EXERCISE AIM: For the data below, retype word for word the lines from the one containing "Harriet's Workshop on Vermiculture" through the one containing "MOM EXERCISES HER"; drop the pictures.

DATA SUPPLIED:
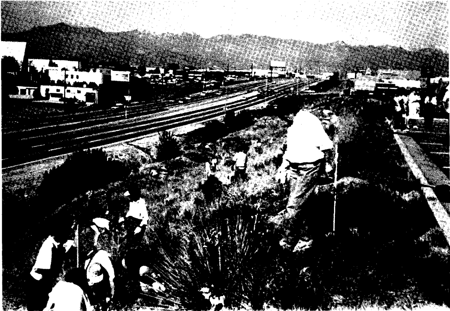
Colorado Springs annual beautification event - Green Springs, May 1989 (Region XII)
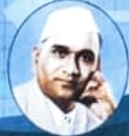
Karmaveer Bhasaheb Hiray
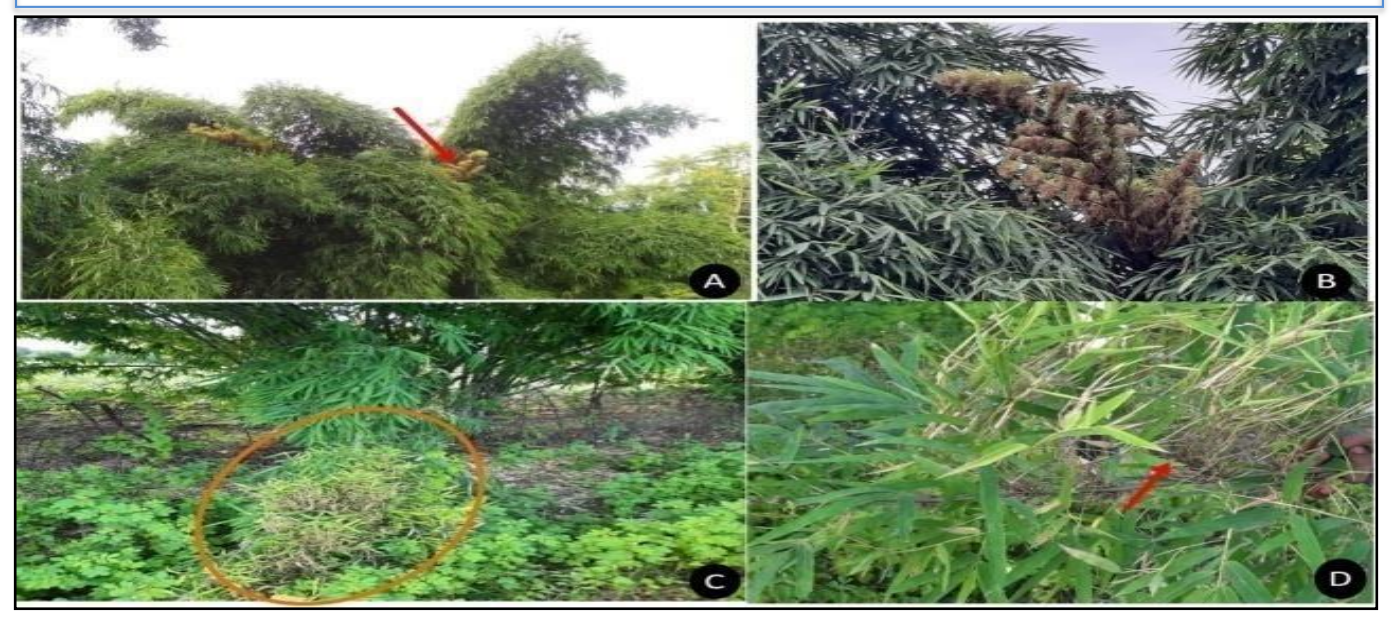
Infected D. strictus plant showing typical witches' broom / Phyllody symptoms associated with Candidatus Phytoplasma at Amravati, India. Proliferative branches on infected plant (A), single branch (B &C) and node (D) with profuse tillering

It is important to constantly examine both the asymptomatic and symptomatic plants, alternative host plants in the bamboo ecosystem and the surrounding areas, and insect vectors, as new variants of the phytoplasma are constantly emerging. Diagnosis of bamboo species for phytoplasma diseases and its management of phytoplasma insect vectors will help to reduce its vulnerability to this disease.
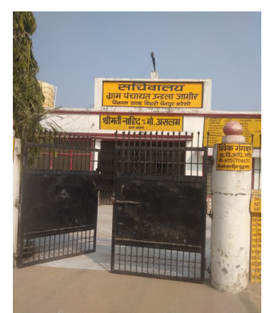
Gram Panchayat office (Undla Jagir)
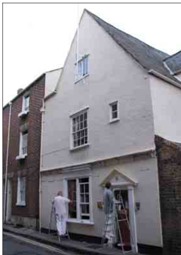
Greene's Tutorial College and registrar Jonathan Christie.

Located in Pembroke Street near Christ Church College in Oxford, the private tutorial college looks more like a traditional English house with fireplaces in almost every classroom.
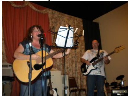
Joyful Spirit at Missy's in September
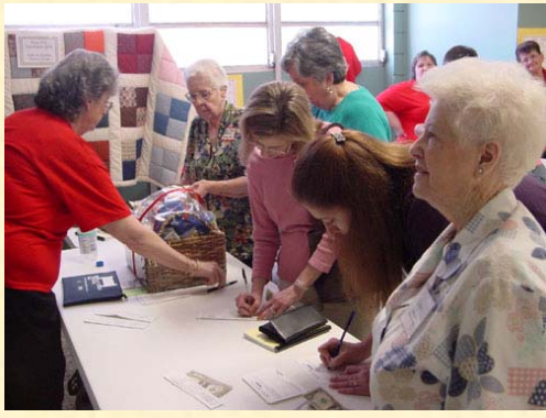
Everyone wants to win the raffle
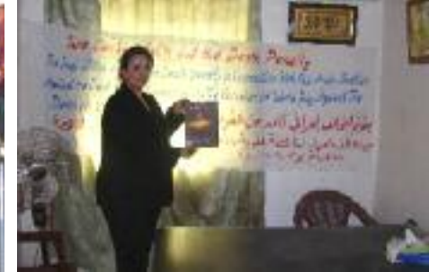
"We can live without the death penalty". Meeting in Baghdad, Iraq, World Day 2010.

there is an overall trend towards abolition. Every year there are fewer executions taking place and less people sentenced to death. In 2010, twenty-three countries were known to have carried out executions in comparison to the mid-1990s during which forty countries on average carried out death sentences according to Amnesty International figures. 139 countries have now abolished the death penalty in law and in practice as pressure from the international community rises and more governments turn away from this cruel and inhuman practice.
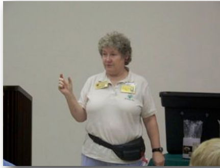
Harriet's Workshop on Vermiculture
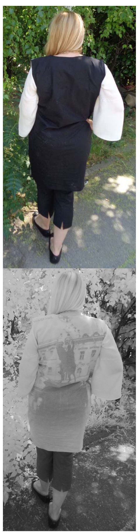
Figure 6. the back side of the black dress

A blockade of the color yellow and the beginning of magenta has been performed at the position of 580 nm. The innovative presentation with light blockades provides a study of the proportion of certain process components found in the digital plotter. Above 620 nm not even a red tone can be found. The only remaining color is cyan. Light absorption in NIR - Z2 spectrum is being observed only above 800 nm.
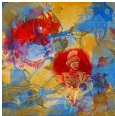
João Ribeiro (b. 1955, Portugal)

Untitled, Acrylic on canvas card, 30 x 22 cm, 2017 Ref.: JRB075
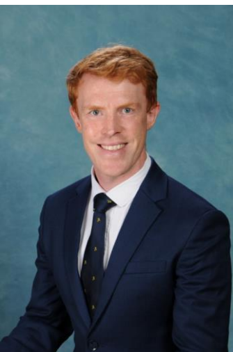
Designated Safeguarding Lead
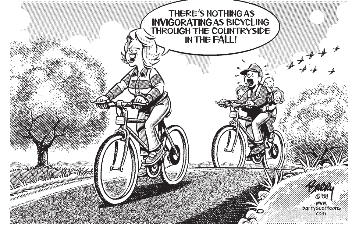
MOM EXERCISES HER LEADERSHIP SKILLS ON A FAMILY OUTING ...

==

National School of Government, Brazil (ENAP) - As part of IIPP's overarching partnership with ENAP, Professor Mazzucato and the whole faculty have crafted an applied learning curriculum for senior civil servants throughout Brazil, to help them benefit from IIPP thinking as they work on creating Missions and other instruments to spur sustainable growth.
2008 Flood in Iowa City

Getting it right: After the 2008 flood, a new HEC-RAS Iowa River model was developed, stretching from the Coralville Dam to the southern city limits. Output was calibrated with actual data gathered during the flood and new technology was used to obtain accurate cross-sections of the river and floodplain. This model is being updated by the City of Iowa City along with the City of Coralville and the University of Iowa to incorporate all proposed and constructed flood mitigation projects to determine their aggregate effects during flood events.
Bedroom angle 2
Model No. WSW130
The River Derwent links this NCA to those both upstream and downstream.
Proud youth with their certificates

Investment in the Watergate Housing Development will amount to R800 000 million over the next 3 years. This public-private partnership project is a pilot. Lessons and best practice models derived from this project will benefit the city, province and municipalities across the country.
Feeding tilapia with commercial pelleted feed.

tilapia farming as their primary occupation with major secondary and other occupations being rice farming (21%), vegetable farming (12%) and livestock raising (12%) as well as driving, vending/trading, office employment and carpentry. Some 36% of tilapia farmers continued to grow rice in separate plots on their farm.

RESPONSE AREA:
Harriet's Workshop on Vermiculture
Figure 6. the back side of the black dress

A blockade of the color yellow and the beginning of magenta has been performed at the position of 580 nm. The innovative presentation with light blockades provides a study of the proportion of certain process components found in the digital plotter. Above 620 nm not even a red tone can be found. The only remaining color is cyan. Light absorption in NIR - Z2 spectrum is being observed only above 800 nm.
João Ribeiro (b. 1955, Portugal)

Untitled, Acrylic on canvas card, 30 x 22 cm, 2017 Ref.: JRB075
Designated Safeguarding Lead
MOM EXERCISES HER LEADERSHIP SKILLS ON A FAMILY OUTING ...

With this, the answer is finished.